● DESCRIPTION OF THE TASK
Transcribe the data that follows in full. Leave out the pictures.

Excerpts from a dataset
------------
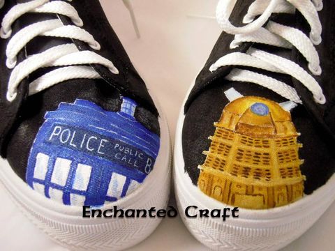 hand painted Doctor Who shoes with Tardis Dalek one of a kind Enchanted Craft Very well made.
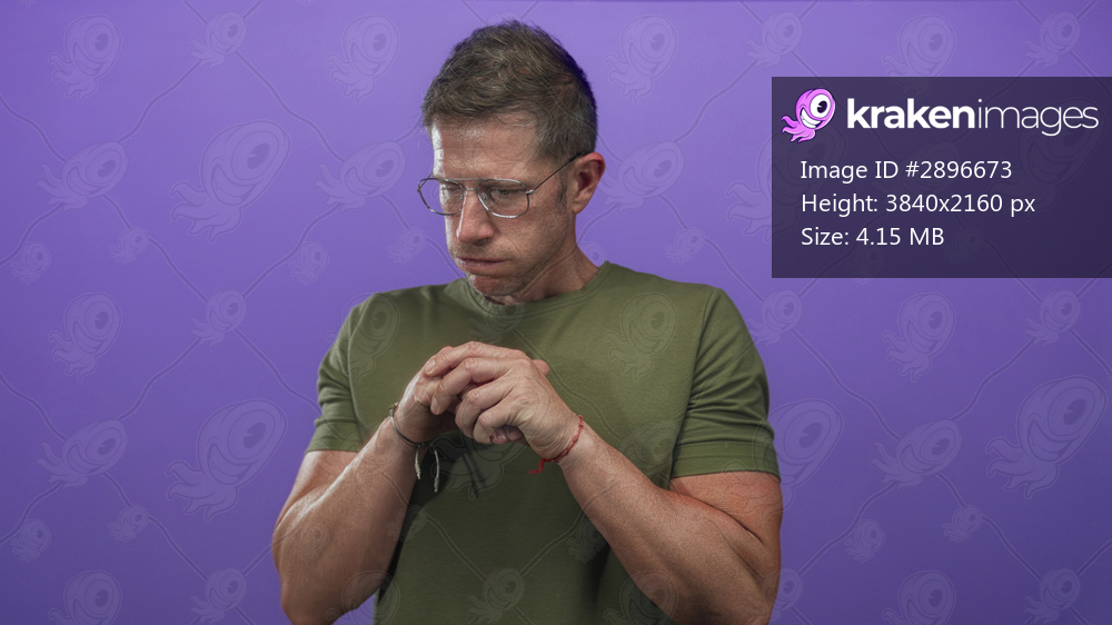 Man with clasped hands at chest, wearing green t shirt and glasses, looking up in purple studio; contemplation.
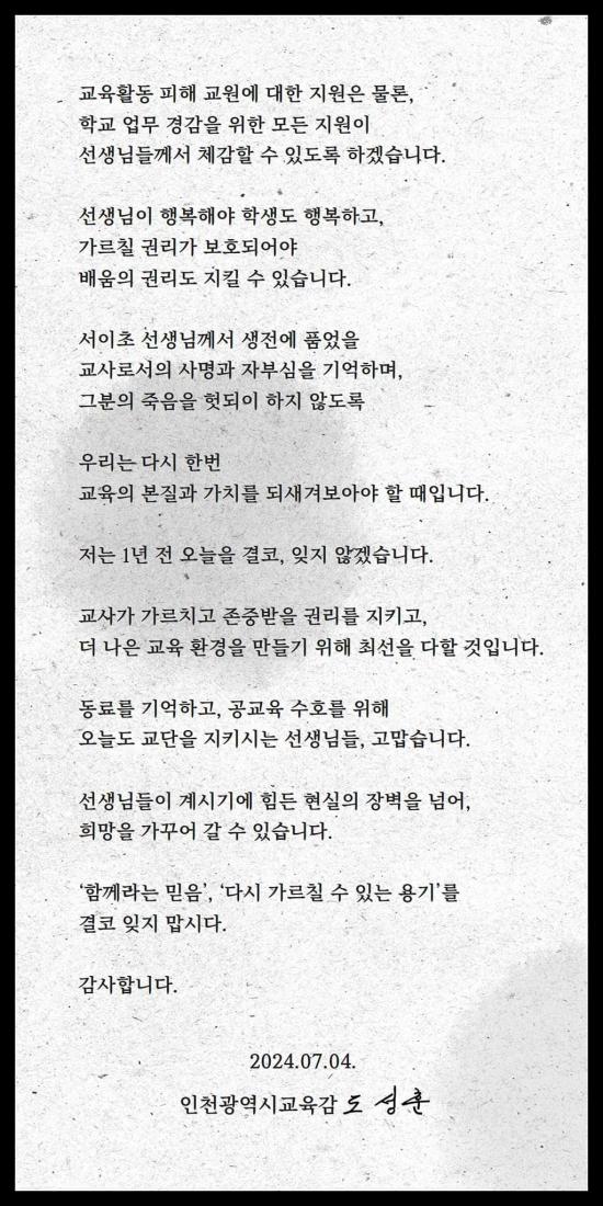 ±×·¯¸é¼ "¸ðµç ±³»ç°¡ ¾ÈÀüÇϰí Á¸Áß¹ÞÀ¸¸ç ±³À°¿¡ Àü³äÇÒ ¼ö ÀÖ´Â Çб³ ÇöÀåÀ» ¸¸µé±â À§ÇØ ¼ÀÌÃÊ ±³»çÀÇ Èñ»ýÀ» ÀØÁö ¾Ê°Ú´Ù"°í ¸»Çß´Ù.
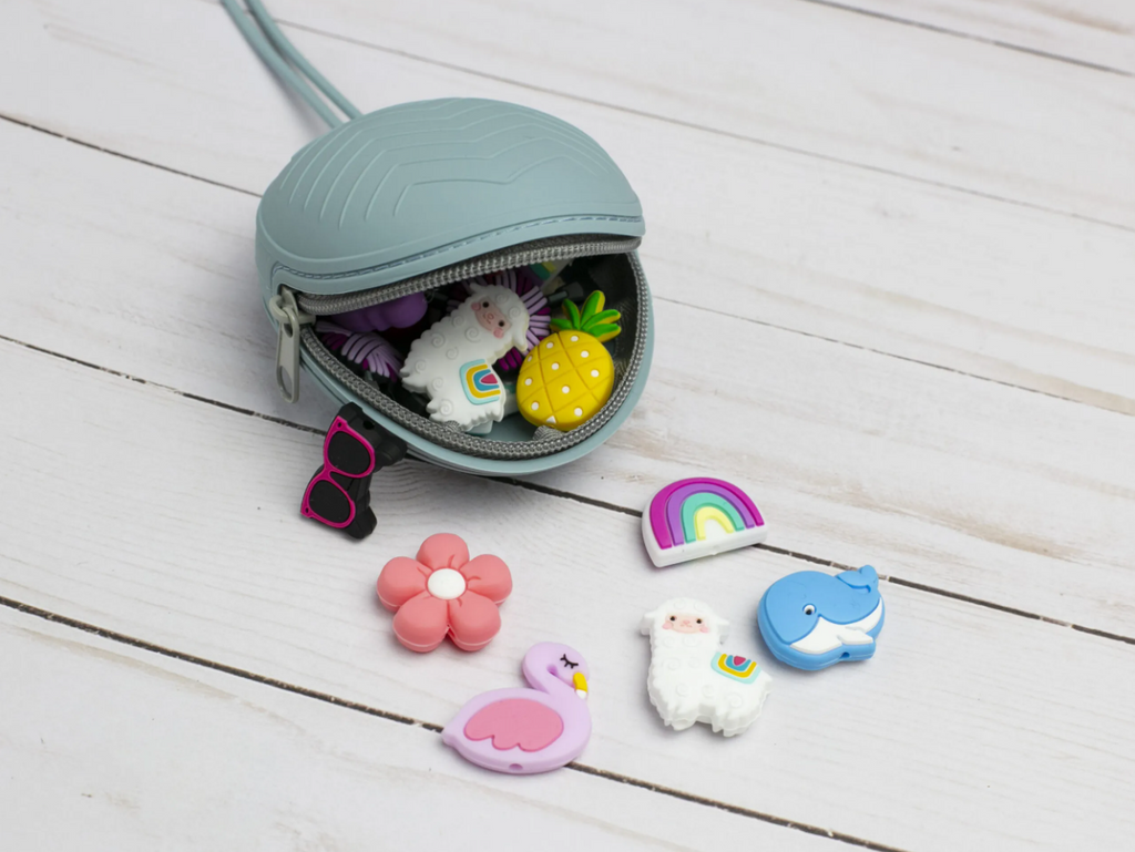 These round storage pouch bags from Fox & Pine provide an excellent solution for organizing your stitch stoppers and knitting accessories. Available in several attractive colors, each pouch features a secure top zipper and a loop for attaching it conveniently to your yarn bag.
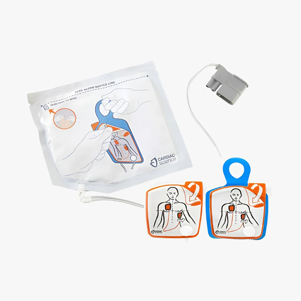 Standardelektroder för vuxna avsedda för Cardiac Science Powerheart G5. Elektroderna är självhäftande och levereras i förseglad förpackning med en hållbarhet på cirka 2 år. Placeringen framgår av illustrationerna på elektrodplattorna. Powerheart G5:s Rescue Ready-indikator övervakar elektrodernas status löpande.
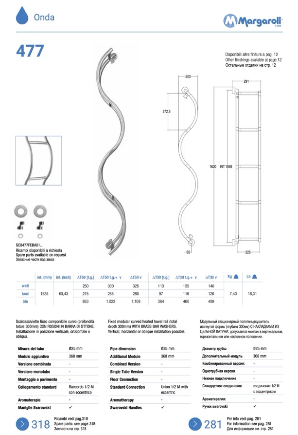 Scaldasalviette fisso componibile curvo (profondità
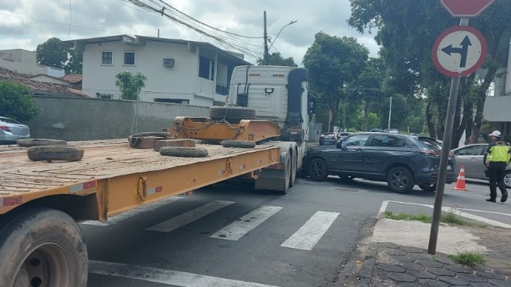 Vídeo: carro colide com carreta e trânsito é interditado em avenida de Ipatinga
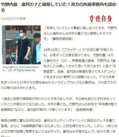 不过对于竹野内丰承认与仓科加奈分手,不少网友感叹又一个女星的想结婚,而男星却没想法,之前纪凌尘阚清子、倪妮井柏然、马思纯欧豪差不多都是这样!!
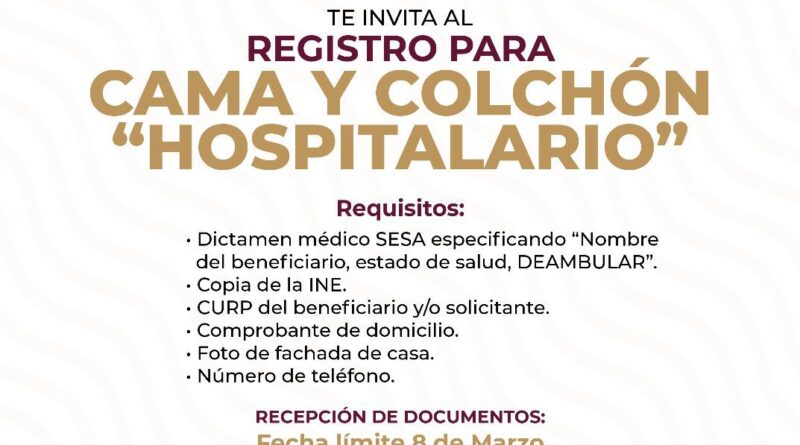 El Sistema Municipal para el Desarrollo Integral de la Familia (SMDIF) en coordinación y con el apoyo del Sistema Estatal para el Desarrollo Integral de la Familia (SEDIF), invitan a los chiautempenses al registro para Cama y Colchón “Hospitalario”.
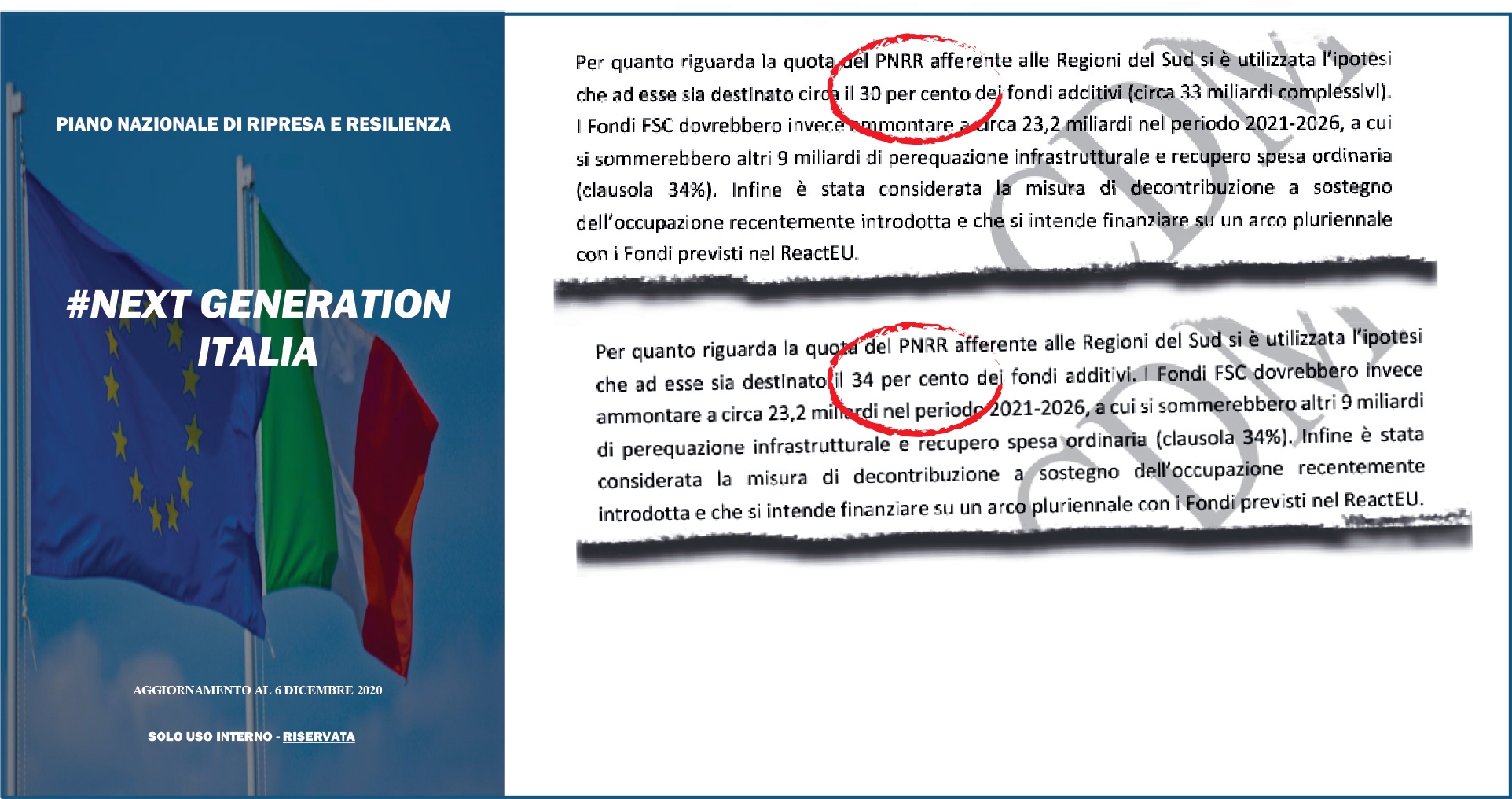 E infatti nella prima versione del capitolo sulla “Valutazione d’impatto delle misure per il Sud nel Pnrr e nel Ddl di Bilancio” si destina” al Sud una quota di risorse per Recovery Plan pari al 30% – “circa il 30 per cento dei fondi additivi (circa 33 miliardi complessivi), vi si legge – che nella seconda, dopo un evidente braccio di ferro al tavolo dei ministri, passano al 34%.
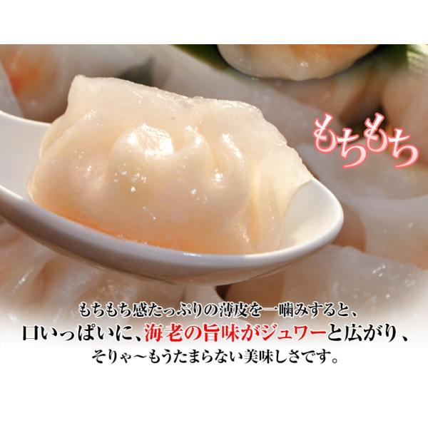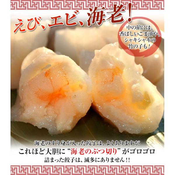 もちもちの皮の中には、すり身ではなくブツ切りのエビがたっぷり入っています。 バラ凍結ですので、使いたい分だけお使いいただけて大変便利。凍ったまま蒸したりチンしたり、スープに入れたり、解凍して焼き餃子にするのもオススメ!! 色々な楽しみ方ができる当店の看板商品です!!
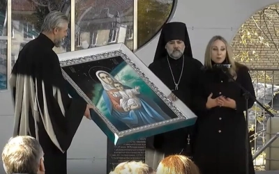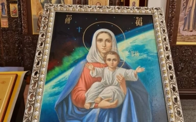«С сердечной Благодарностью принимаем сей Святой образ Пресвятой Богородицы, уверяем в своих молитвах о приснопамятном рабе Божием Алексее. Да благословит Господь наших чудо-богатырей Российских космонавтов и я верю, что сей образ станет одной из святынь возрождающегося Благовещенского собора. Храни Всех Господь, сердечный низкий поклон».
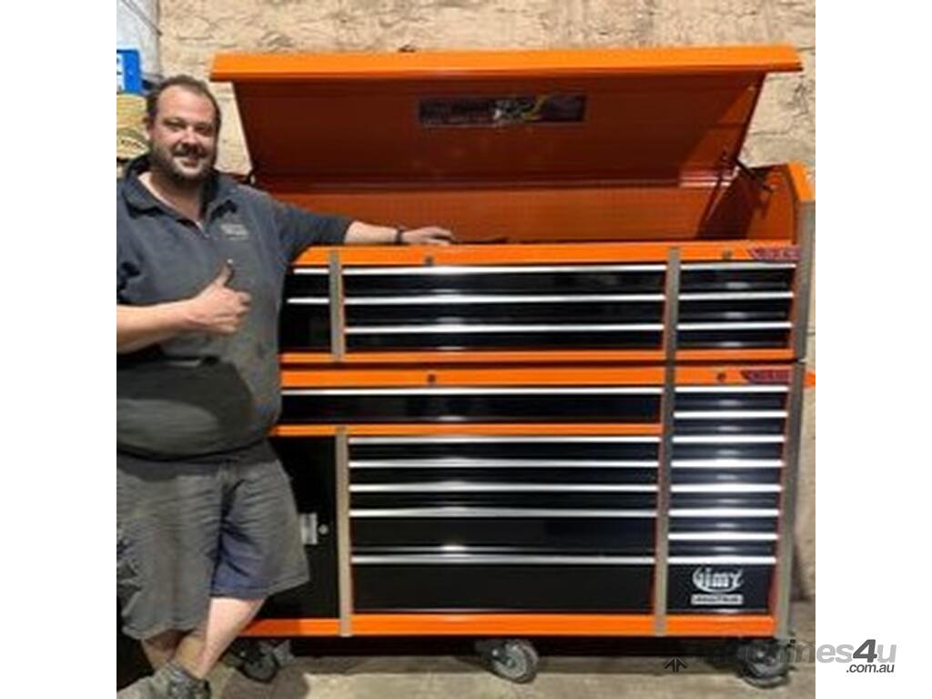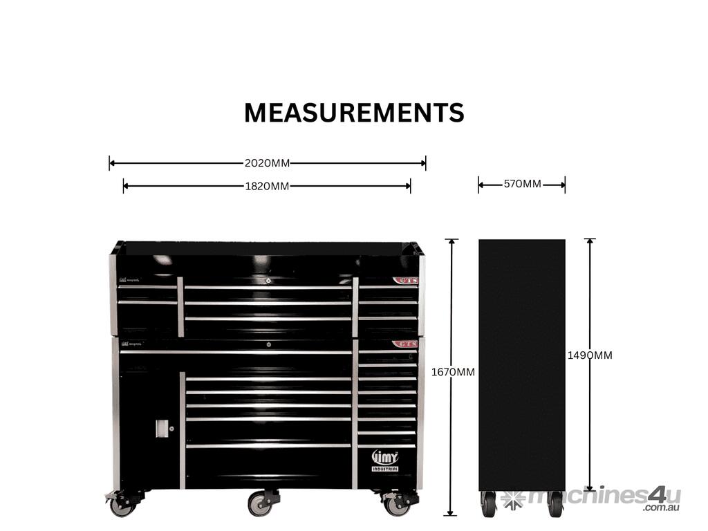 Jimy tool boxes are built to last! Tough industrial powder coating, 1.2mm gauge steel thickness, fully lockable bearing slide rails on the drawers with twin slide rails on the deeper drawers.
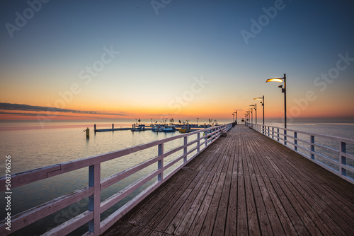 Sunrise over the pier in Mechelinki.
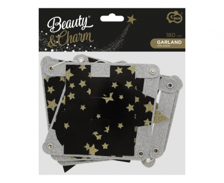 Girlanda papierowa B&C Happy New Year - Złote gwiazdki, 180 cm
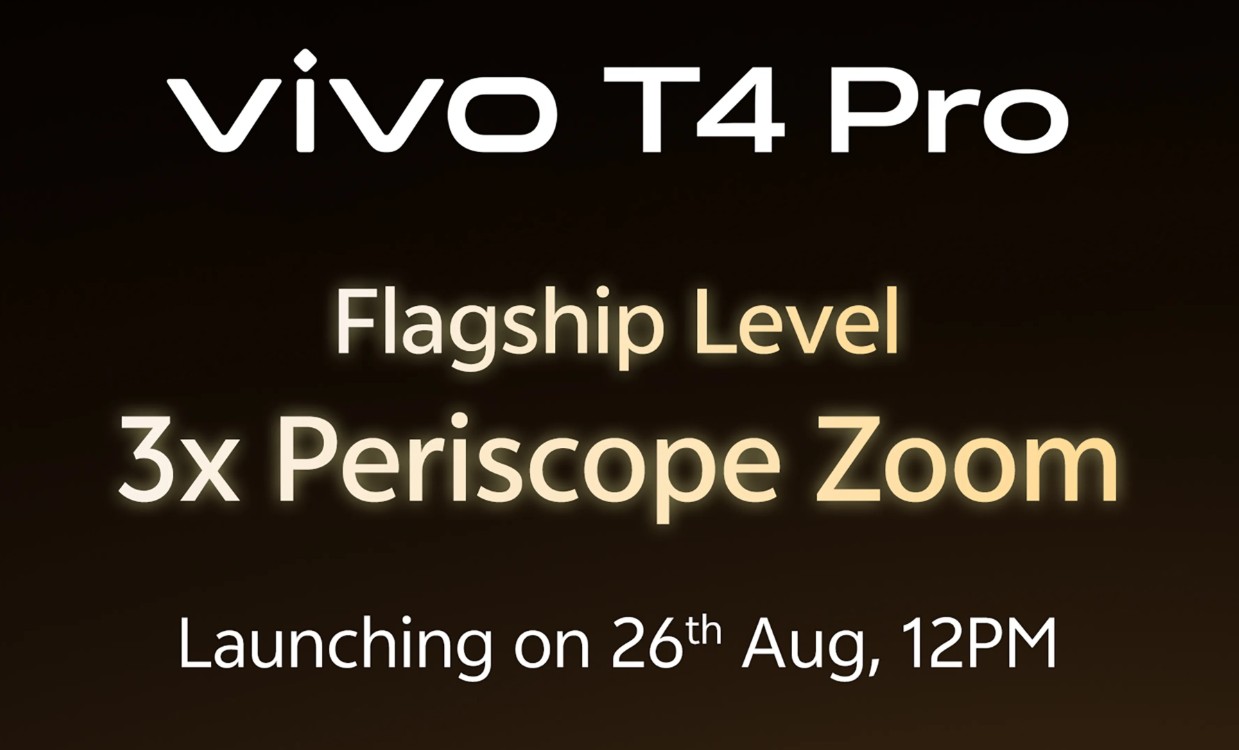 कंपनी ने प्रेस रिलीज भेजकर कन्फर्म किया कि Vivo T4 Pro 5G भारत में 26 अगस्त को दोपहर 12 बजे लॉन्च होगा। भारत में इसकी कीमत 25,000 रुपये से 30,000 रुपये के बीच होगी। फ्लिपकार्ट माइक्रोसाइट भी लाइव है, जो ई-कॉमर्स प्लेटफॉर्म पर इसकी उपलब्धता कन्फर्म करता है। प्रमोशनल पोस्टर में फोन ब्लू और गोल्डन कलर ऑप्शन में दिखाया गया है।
------------
● RESULT FOR THIS EXERCISE
 hand painted Doctor Who shoes with Tardis Dalek one of a kind Enchanted Craft Very well made.
 Man with clasped hands at chest, wearing green t shirt and glasses, looking up in purple studio; contemplation.
 ±×·¯¸é¼ "¸ðµç ±³»ç°¡ ¾ÈÀüÇϰí Á¸Áß¹ÞÀ¸¸ç ±³À°¿¡ Àü³äÇÒ ¼ö ÀÖ´Â Çб³ ÇöÀåÀ» ¸¸µé±â À§ÇØ ¼ÀÌÃÊ ±³»çÀÇ Èñ»ýÀ» ÀØÁö ¾Ê°Ú´Ù"°í ¸»Çß´Ù.
 These round storage pouch bags from Fox & Pine provide an excellent solution for organizing your stitch stoppers and knitting accessories. Available in several attractive colors, each pouch features a secure top zipper and a loop for attaching it conveniently to your yarn bag.
 Standardelektroder för vuxna avsedda för Cardiac Science Powerheart G5. Elektroderna är självhäftande och levereras i förseglad förpackning med en hållbarhet på cirka 2 år. Placeringen framgår av illustrationerna på elektrodplattorna. Powerheart G5:s Rescue Ready-indikator övervakar elektrodernas status löpande.
 Scaldasalviette fisso componibile curvo (profondità
 Vídeo: carro colide com carreta e trânsito é interditado em avenida de Ipatinga
 不过对于竹野内丰承认与仓科加奈分手,不少网友感叹又一个女星的想结婚,而男星却没想法,之前纪凌尘阚清子、倪妮井柏然、马思纯欧豪差不多都是这样!!
 El Sistema Municipal para el Desarrollo Integral de la Familia (SMDIF) en coordinación y con el apoyo del Sistema Estatal para el Desarrollo Integral de la Familia (SEDIF), invitan a los chiautempenses al registro para Cama y Colchón “Hospitalario”.
 E infatti nella prima versione del capitolo sulla “Valutazione d’impatto delle misure per il Sud nel Pnrr e nel Ddl di Bilancio” si destina” al Sud una quota di risorse per Recovery Plan pari al 30% – “circa il 30 per cento dei fondi additivi (circa 33 miliardi complessivi), vi si legge – che nella seconda, dopo un evidente braccio di ferro al tavolo dei ministri, passano al 34%.
 もちもちの皮の中には、すり身ではなくブツ切りのエビがたっぷり入っています。 バラ凍結ですので、使いたい分だけお使いいただけて大変便利。凍ったまま蒸したりチンしたり、スープに入れたり、解凍して焼き餃子にするのもオススメ!! 色々な楽しみ方ができる当店の看板商品です!!
«С сердечной Благодарностью принимаем сей Святой образ Пресвятой Богородицы, уверяем в своих молитвах о приснопамятном рабе Божием Алексее. Да благословит Господь наших чудо-богатырей Российских космонавтов и я верю, что сей образ станет одной из святынь возрождающегося Благовещенского собора. Храни Всех Господь, сердечный низкий поклон».
 Jimy tool boxes are built to last! Tough industrial powder coating, 1.2mm gauge steel thickness, fully lockable bearing slide rails on the drawers with twin slide rails on the deeper drawers.
 Sunrise over the pier in Mechelinki.
 Girlanda papierowa B&C Happy New Year - Złote gwiazdki, 180 cm
 कंपनी ने प्रेस रिलीज भेजकर कन्फर्म किया कि Vivo T4 Pro 5G भारत में 26 अगस्त को दोपहर 12 बजे लॉन्च होगा। भारत में इसकी कीमत 25,000 रुपये से 30,000 रुपये के बीच होगी। फ्लिपकार्ट माइक्रोसाइट भी लाइव है, जो ई-कॉमर्स प्लेटफॉर्म पर इसकी उपलब्धता कन्फर्म करता है। प्रमोशनल पोस्टर में फोन ब्लू और गोल्डन कलर ऑप्शन में दिखाया गया है।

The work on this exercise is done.